[AIM OF THE TASK]:
Every record below should be repeated exactly, with the pictures left out.

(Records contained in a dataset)
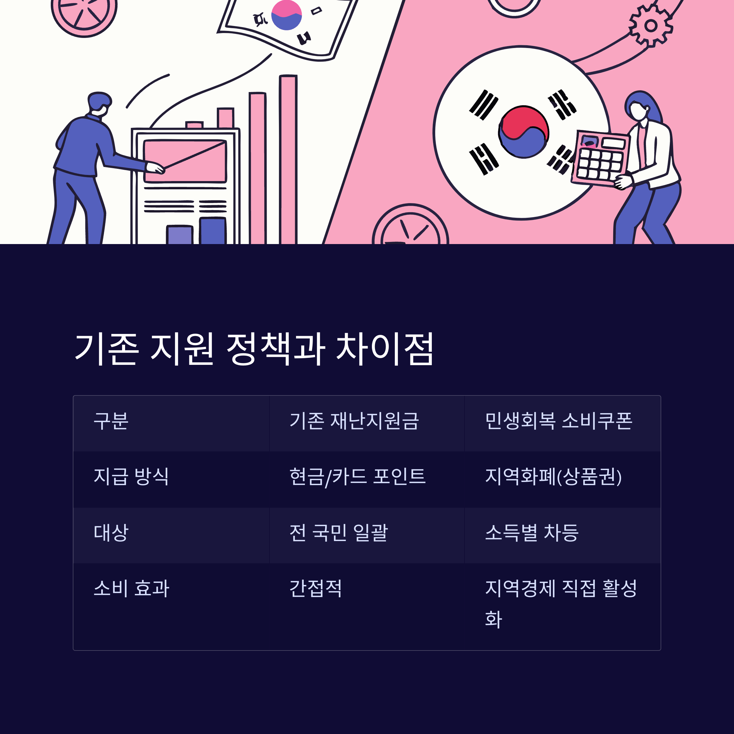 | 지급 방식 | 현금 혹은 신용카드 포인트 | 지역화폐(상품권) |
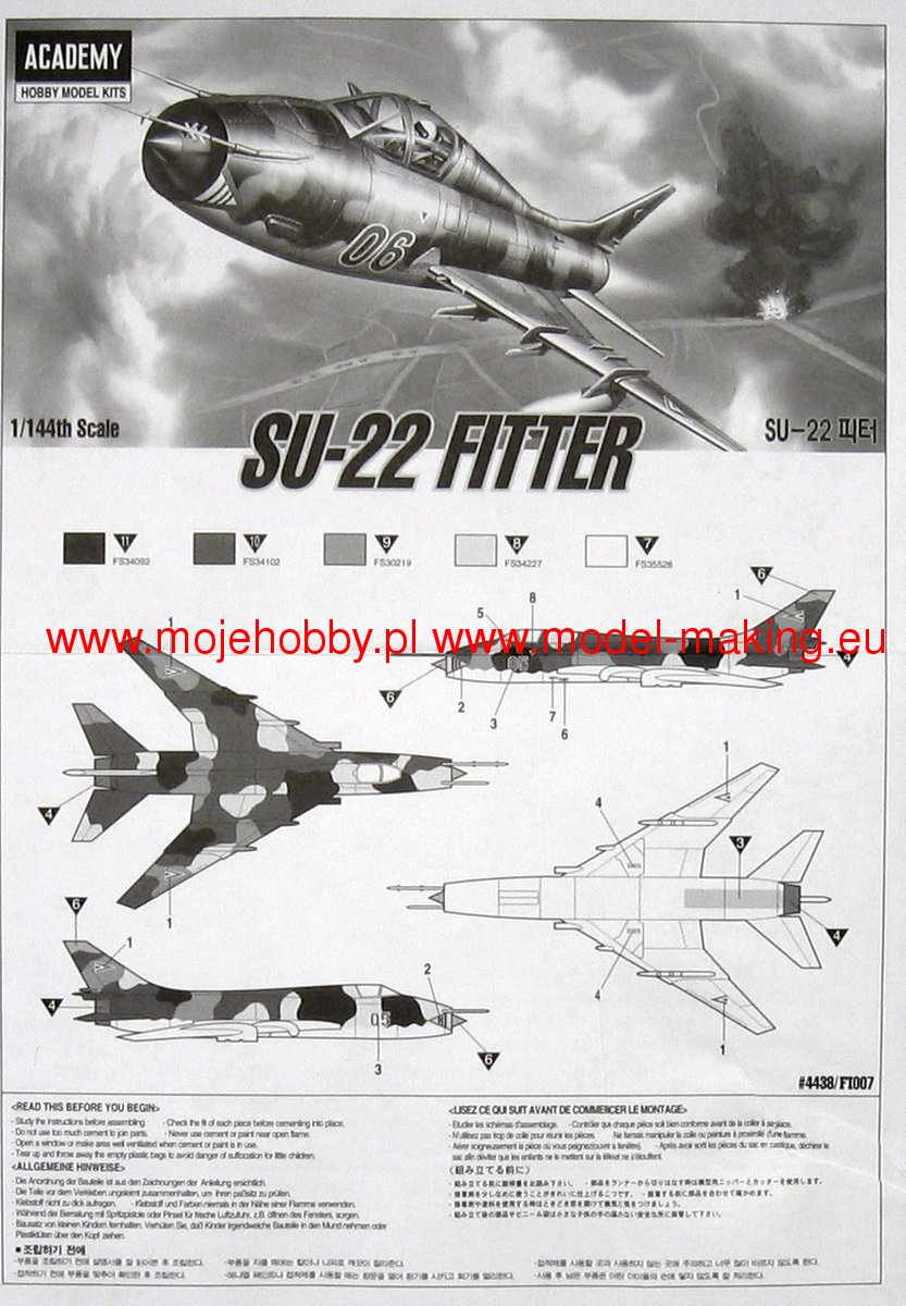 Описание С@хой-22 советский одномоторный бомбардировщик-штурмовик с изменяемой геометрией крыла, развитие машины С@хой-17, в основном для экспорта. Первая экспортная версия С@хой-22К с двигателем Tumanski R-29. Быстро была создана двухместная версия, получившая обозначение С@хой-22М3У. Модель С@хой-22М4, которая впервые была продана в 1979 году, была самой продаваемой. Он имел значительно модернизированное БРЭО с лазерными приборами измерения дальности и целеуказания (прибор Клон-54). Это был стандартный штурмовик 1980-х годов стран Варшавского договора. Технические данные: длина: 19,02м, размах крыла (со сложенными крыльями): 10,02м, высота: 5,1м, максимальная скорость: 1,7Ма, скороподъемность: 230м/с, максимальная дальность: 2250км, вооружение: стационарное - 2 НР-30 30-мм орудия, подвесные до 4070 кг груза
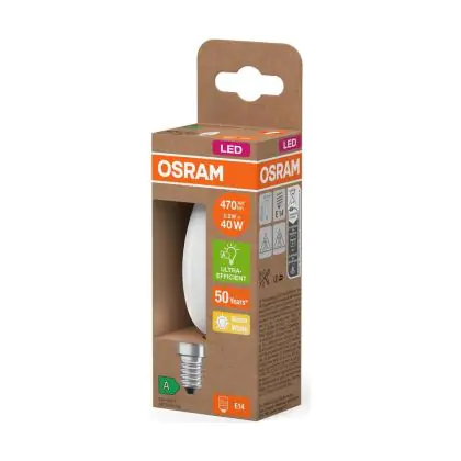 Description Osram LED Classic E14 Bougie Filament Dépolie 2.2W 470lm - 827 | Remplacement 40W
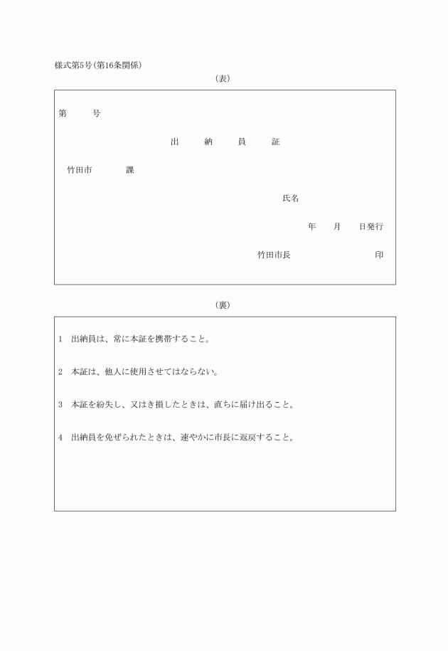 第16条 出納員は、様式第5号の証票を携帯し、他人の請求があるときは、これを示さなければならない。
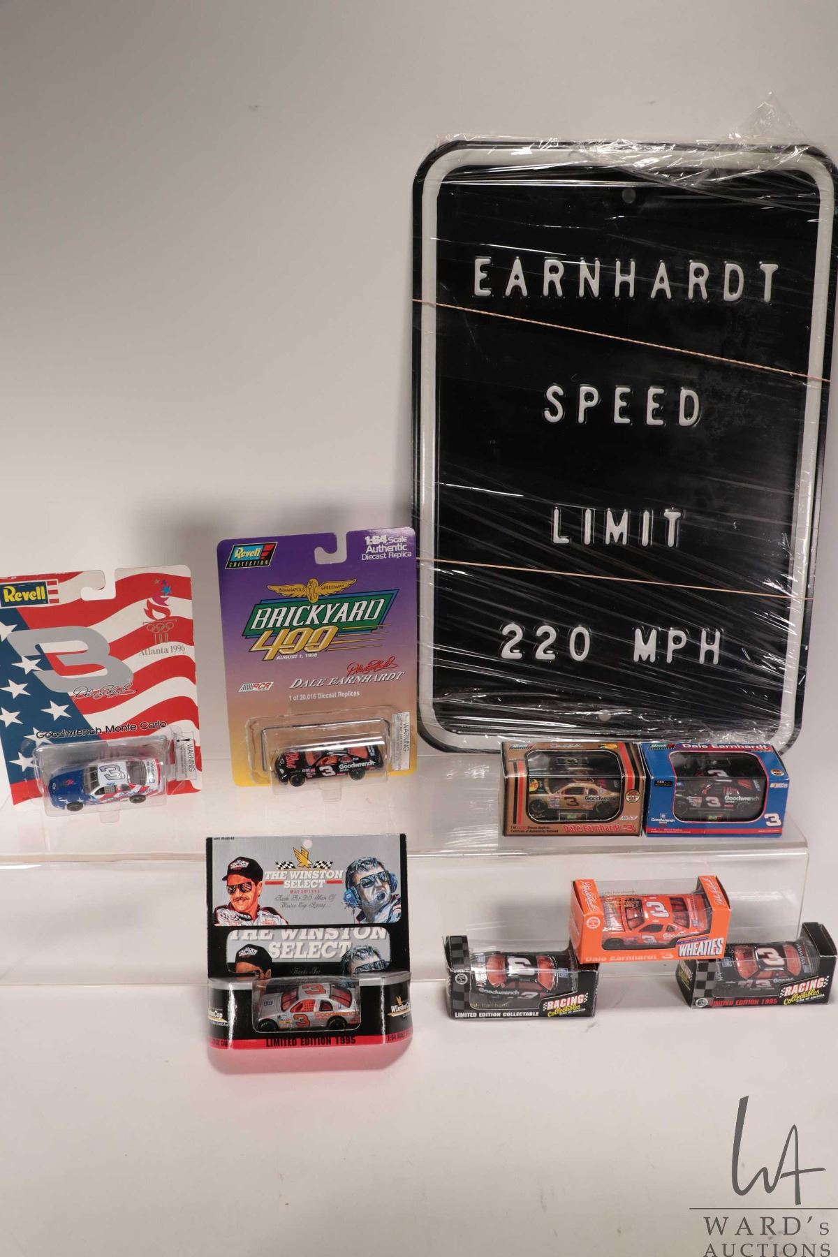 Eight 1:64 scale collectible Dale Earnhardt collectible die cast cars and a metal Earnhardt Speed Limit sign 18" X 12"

[TASK ANSWER]:
 | 지급 방식 | 현금 혹은 신용카드 포인트 | 지역화폐(상품권) |
 Описание С@хой-22 советский одномоторный бомбардировщик-штурмовик с изменяемой геометрией крыла, развитие машины С@хой-17, в основном для экспорта. Первая экспортная версия С@хой-22К с двигателем Tumanski R-29. Быстро была создана двухместная версия, получившая обозначение С@хой-22М3У. Модель С@хой-22М4, которая впервые была продана в 1979 году, была самой продаваемой. Он имел значительно модернизированное БРЭО с лазерными приборами измерения дальности и целеуказания (прибор Клон-54). Это был стандартный штурмовик 1980-х годов стран Варшавского договора. Технические данные: длина: 19,02м, размах крыла (со сложенными крыльями): 10,02м, высота: 5,1м, максимальная скорость: 1,7Ма, скороподъемность: 230м/с, максимальная дальность: 2250км, вооружение: стационарное - 2 НР-30 30-мм орудия, подвесные до 4070 кг груза
 Description Osram LED Classic E14 Bougie Filament Dépolie 2.2W 470lm - 827 | Remplacement 40W
 第16条 出納員は、様式第5号の証票を携帯し、他人の請求があるときは、これを示さなければならない。
 Eight 1:64 scale collectible Dale Earnhardt collectible die cast cars and a metal Earnhardt Speed Limit sign 18" X 12"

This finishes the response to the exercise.